What is the fastest way to find all the substrings in a string without using any modules and without making duplicates


def lols(s):

    if not s:
        return 0
    lst = [] 
    for i in range (len(s)):
        for j in range(i , len(s)+1):
            if not s[i:j] :
                pass
            elif len(s[i:j]) == len(set(s[i:j])):
                lst.append(s[i:j])

    res =  (max(lst , key=len))


s = "abcdefghijklmnopqrstuvwxyzABCDEFGHIJKLMNOPQRSTUVWXYZ0123456789!\"#$%&'()*+,-./:;<=>?@[\\]^_`{|}~"
s = s*100

lols(s)

this function works fine with strings smaller than 1000, but it freezes when the example string is used and a time limit is exceeded for large strings

Problem

hilssu · Answer 1 · 2021-04-30T09:18:00.593

I recommend that you don't try this with super long strings like your s!

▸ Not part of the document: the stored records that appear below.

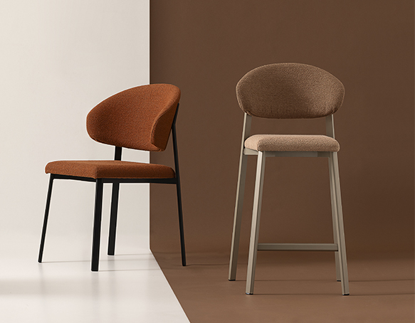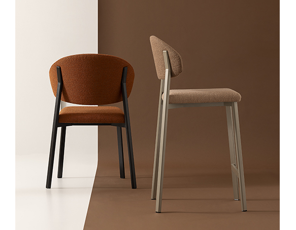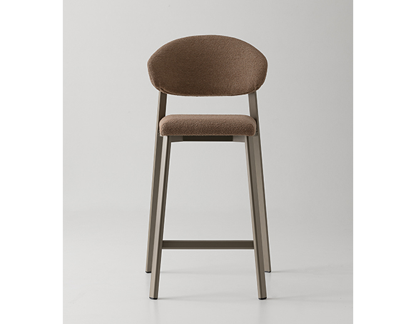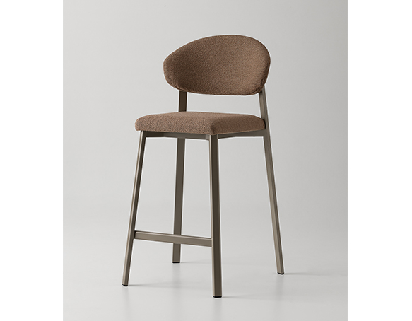 Tabouret hauteur comptoir. Structure en acier peint. Assise et dossier rembourrés. Fabriqué en Italie.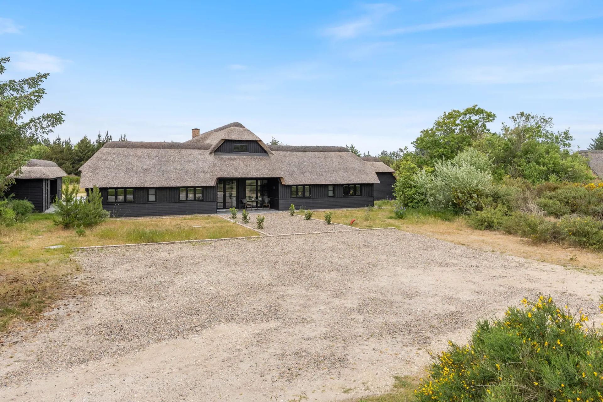 Auch im Außenbereich geht es beeindruckend weiter. Auf den 7100 m2 großem Grundstück lädt euch die wunderschöne, großzügige Terrasse zum Verweilen ein. Leckere Grillabende und jede Menge Spaß im sehr großem Whirlpool Bereich lassen diesen Urlaub unvergesslich werden. Gut geschützt und urgemütlich, ist das wohltuende Sonnenbad auch bei etwas mehr Wind vom Meer möglich und der überdachte Bereich lässt auch ein Verweilen beim Regen zu. Die Außendusche, die von April-November genutzt werden kann, bietet euch die Möglichkeit, nach einem langen Strandspaziergang sich den Sand von den Füßen zu spülen.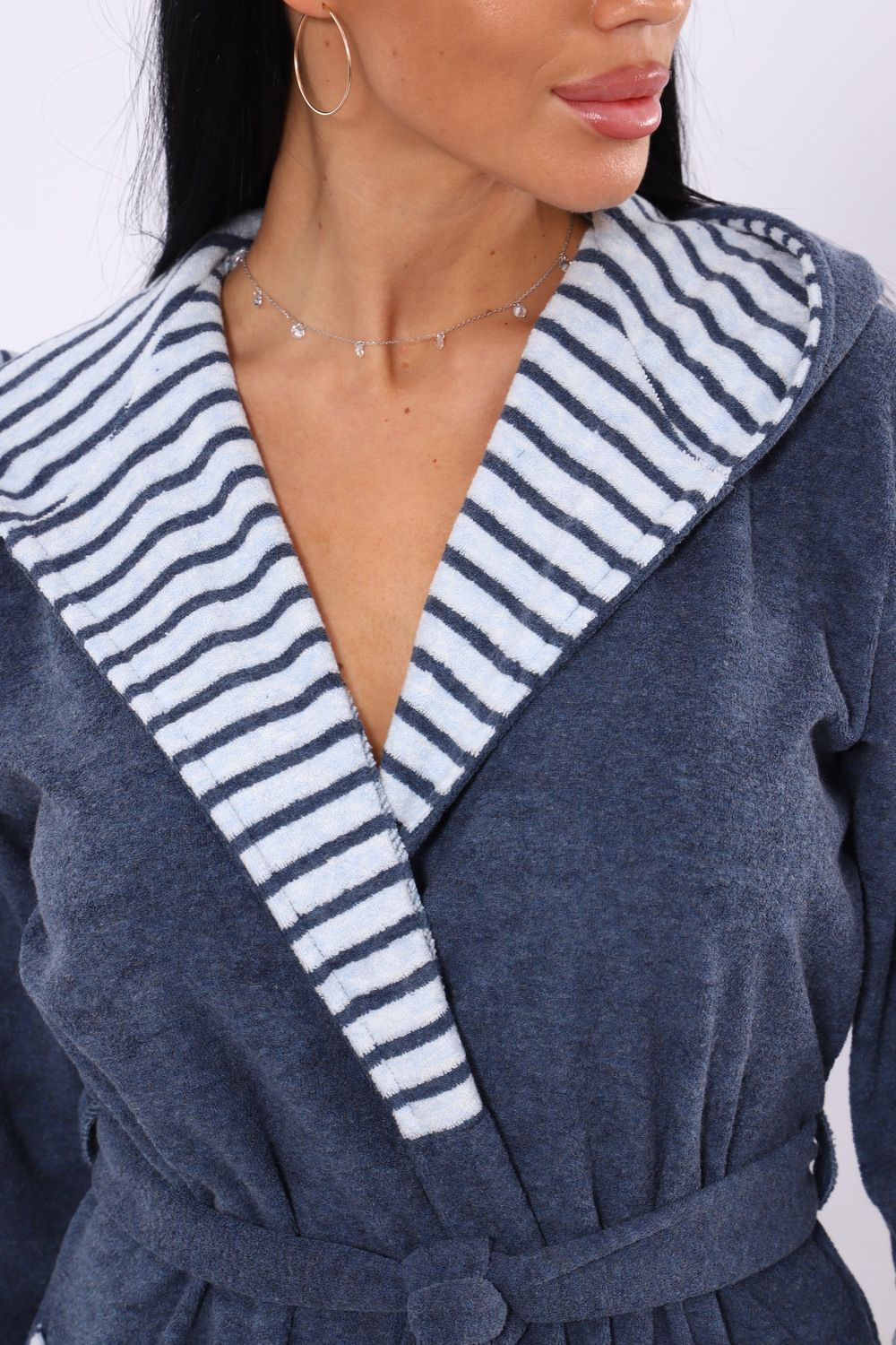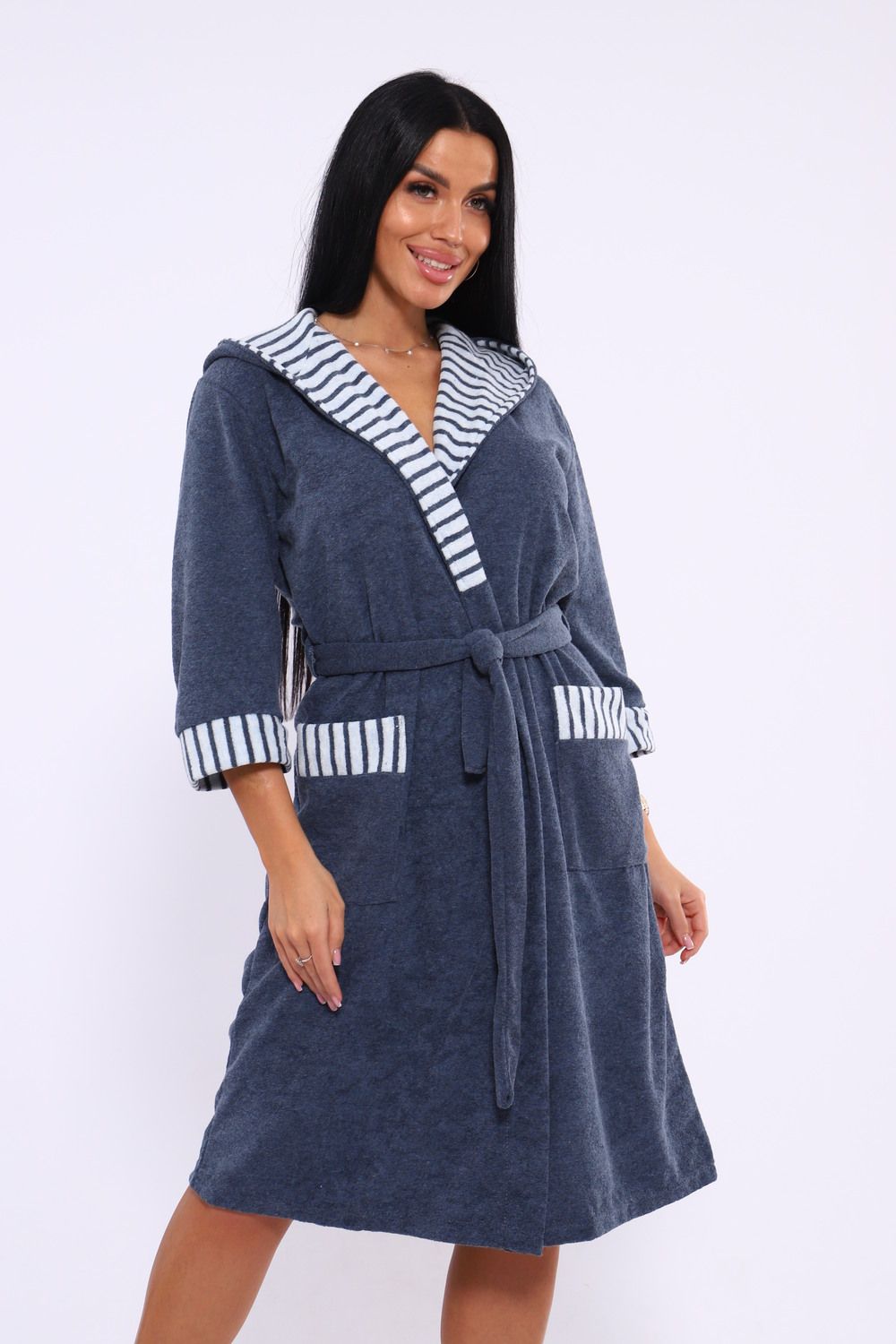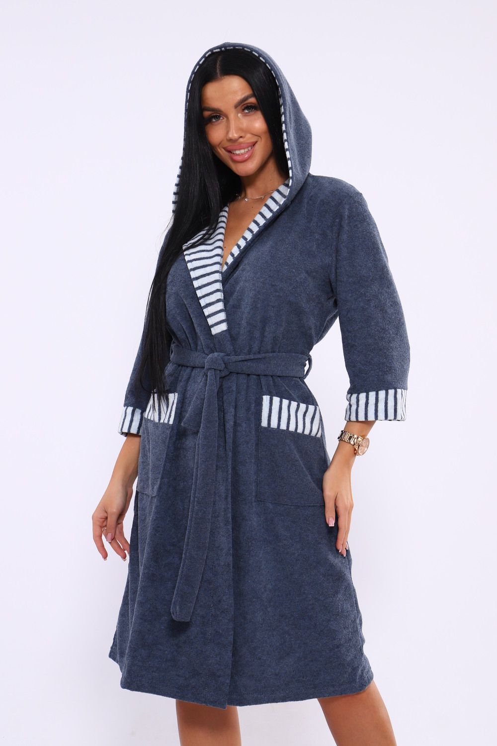 Халат женский махровый на запах с капюшоном. Карманы настрочные по бокам.
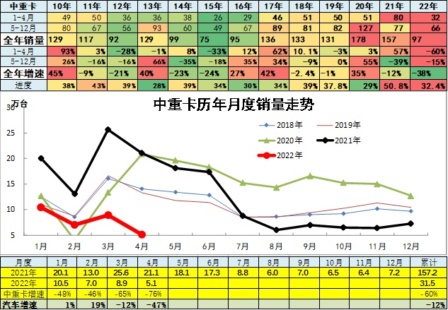 2019年全年累计中重卡销量131.36万台,累计增速-0.9%;2020年累中重卡销量177.8万台,累计增速35%;2021年累中重卡销量157.2万台,累计增速-12%;2022年4月累计中重卡销量31.53万台,较去年同期累计增速-60%;4月销量5.14万台,较去年同期同比增长-75.7%,环比上月增长-42.3%。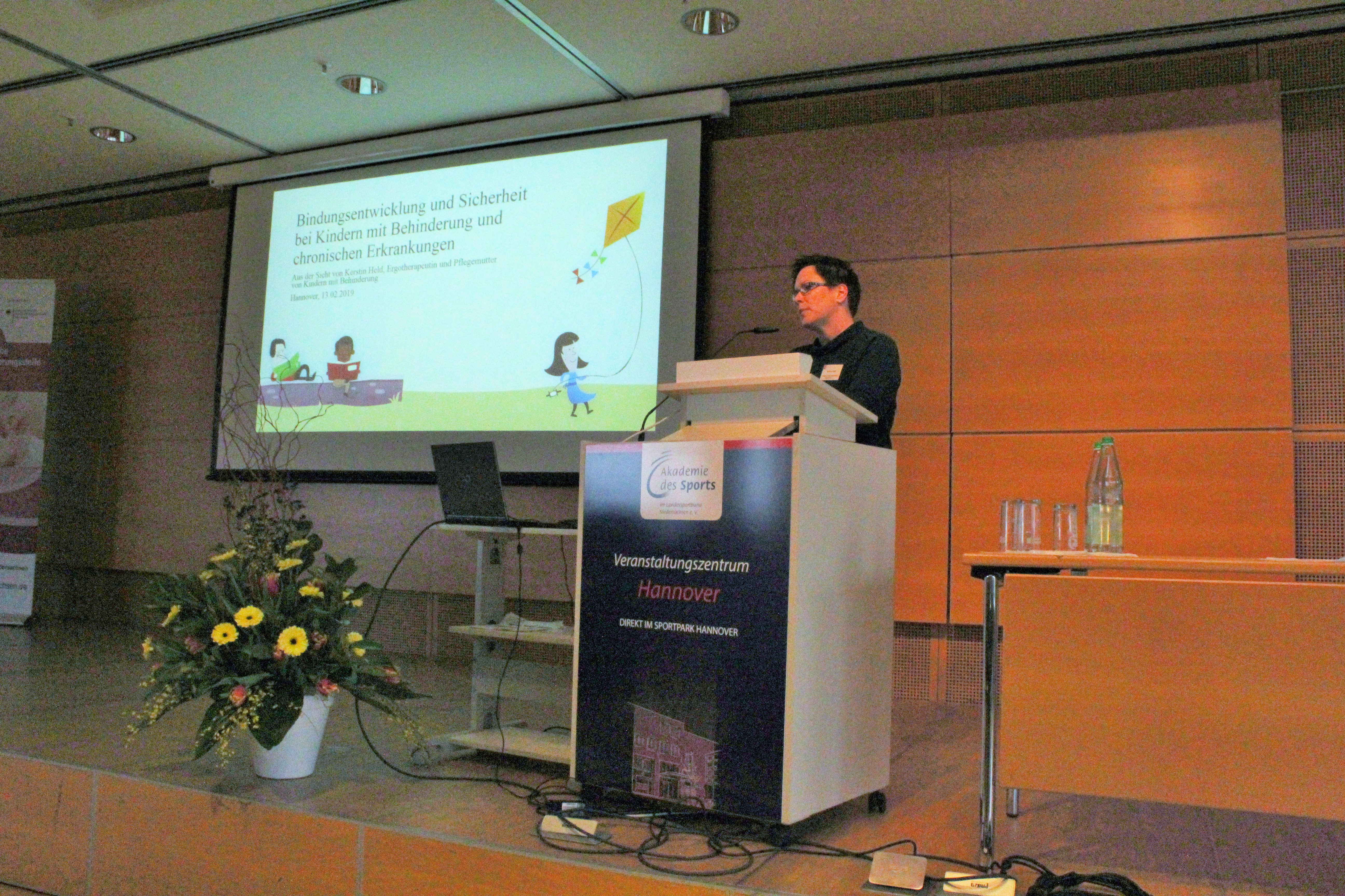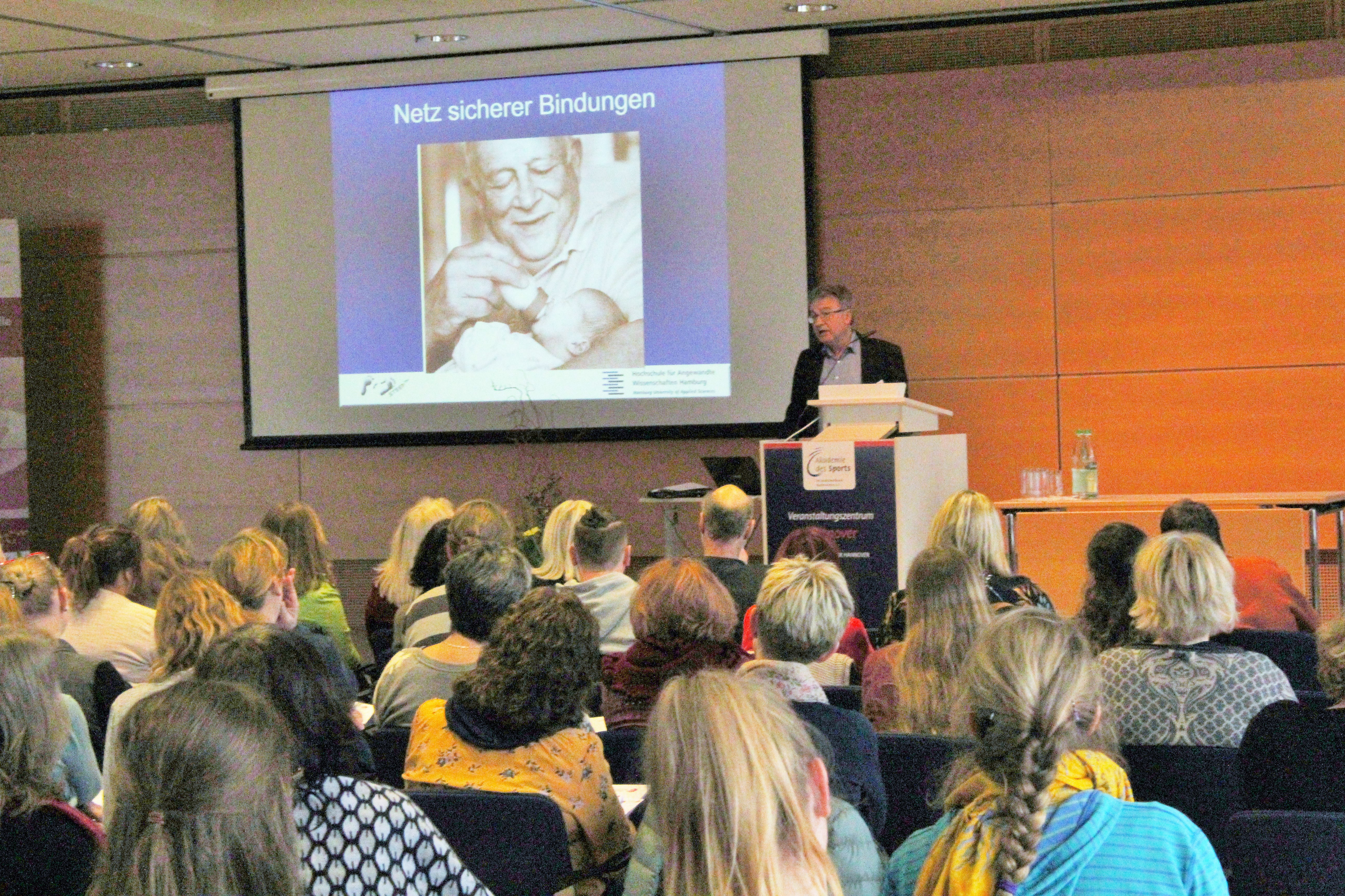 Prof. Dr. Gerhard Suess von der Hochschule für angewandte Wissenschaften in Hamburg sprach über den derzeitigen Stand der Bindungsforschung und schlug einen Bogen zur Praxis in den Frühen Hilfen. Er wies insbesondere darauf hin, dass sich Feinfühligkeit sowie der reflexive Umgang mit den eigenen Bindungserfahrungen dabei als zwei zentrale, grundlegende Mechanismen in der Bindungsentwicklung erwiesen hätten.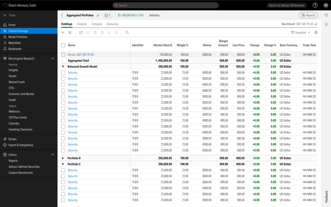 J'aide à construire des investissements sur notre plateforme de tenue de registres. Morningstar est un outil extrêmement utile lorsque j'ai besoin de rechercher des détails sur un investissement et sa disponibilité. J'utilise Morningstar fréquemment, presque quotidiennement. Nous avons eu une réunion avec l'équipe de Morningstar il y a quelques mois pour mettre en œuvre des améliorations de produit basées sur nos suggestions, et ils ont été très réceptifs à nos retours ! Le produit a été très convivial et facile à utiliser. Avis collecté par et hébergé sur G2.com.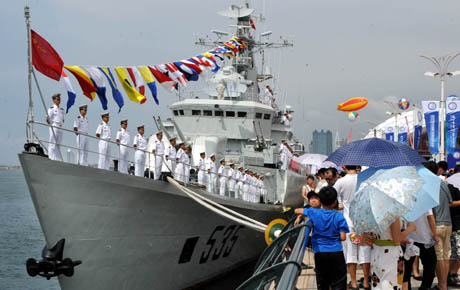 8月9日,观众在排队参观海军舰艇。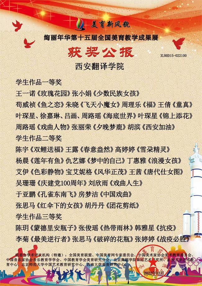 为贯彻落实习近平总书记关于美育的重要论述及全国教育大会精神,落实立德树人根本任务,弘扬中华美育精神,西安翻译学院组织师生积极参加“美育新风貌·绚丽年华”第十五届全国高校美育教学成果展。近日,从组委会传来捷报,西译师生在此次成果展中喜获佳绩。西安翻译学院荣获全国高校美育工作先进单位、全国高校美育教学优异成果奖、全国高校美育教学优秀组织奖、全国高校课程思政审美化教育教学奖。教师邵攀科荣获全国高校美育特殊贡献奖、美育课程思政教学先进工作者,邓超华荣获全国高校优秀组织教师奖、优秀指导教师奖、审美化能力一等奖。学生共有37件艺术作品获得荣誉,其中14个作品获得一等奖,17个作品获得二等奖,6个作品获得三等奖。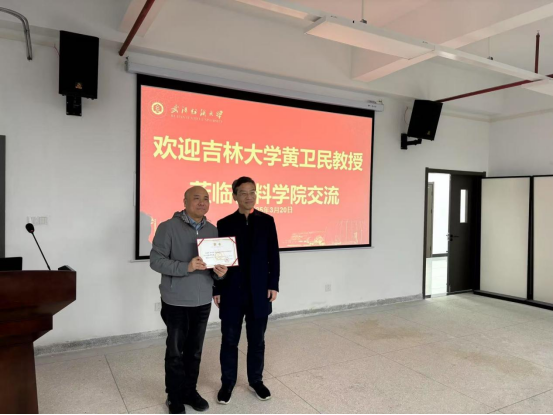 2025 年 3 月 20 日上午 10:00,武汉纺织大学第 770 期阳光论坛暨英国正版365官方网站 2025 年第1期论坛在阳光校区 12-317 会议室举行。本次论坛由英国正版365官方网站与湖北省纺织新材料及其应用重点实验室联合主办,特邀黄卫民教授做报告并聘为英国上市公司官网365客座教授,报告内容 “医美产业玻尿酸生物制造及其创新交联技术” 。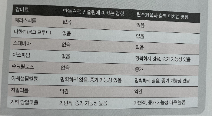 스테비아, 에리스리톨, 나한과(몽크 프루트) 추출물은 아무 영향이 없습니다. 주부님들은 건강을 위해서 아가베 시럽, 메이플 시럽, 꿀 등을 사용하시는데, 이러한 것들도 이 책에선 피해야 할 식재료로 나와 있네요 (p263) 흠… 전 잘 모르겠네요. ;;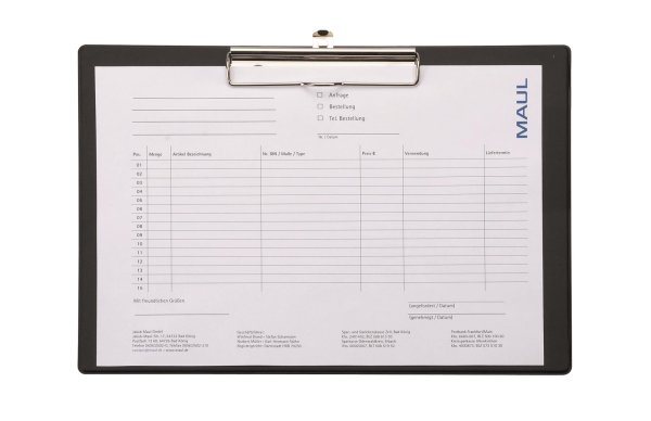 Písacia podložka s klipom Maul - A4 na šírku, čierna

If you're able to install nltk so that it works (I just recently had a problem with that but managed to solve it by installing it to the Windows Sandbox, see here: Python3: Could not find "vcomp140.dll (or one of its dependencies)" while trying to import nltk), then this is one way to do it

from nltk import ngrams

def lols(s):
    lst = []
    for i in range(1, len(s)):
        lst.extend([''.join(j) for j in ngrams(s, i)])
    lst.append(s)
    return lst

If not, you can do this instead of "from nltk import ngrams".

import collections, itertools

def ngrams(words, n):
    """Edited from https://stackoverflow.com/questions/17531684/n-grams-in-python-four-five-six-grams"""
    d = collections.deque(maxlen=n)
    d.extend(words[:n])
    words = words[n:]
    answer = []
    for window, word in zip(itertools.cycle((d,)), words):
        answer.append(''.join(window))
        d.append(word)
    answer.append(''.join(window))
    return answer

Demo:

>>> lols('username')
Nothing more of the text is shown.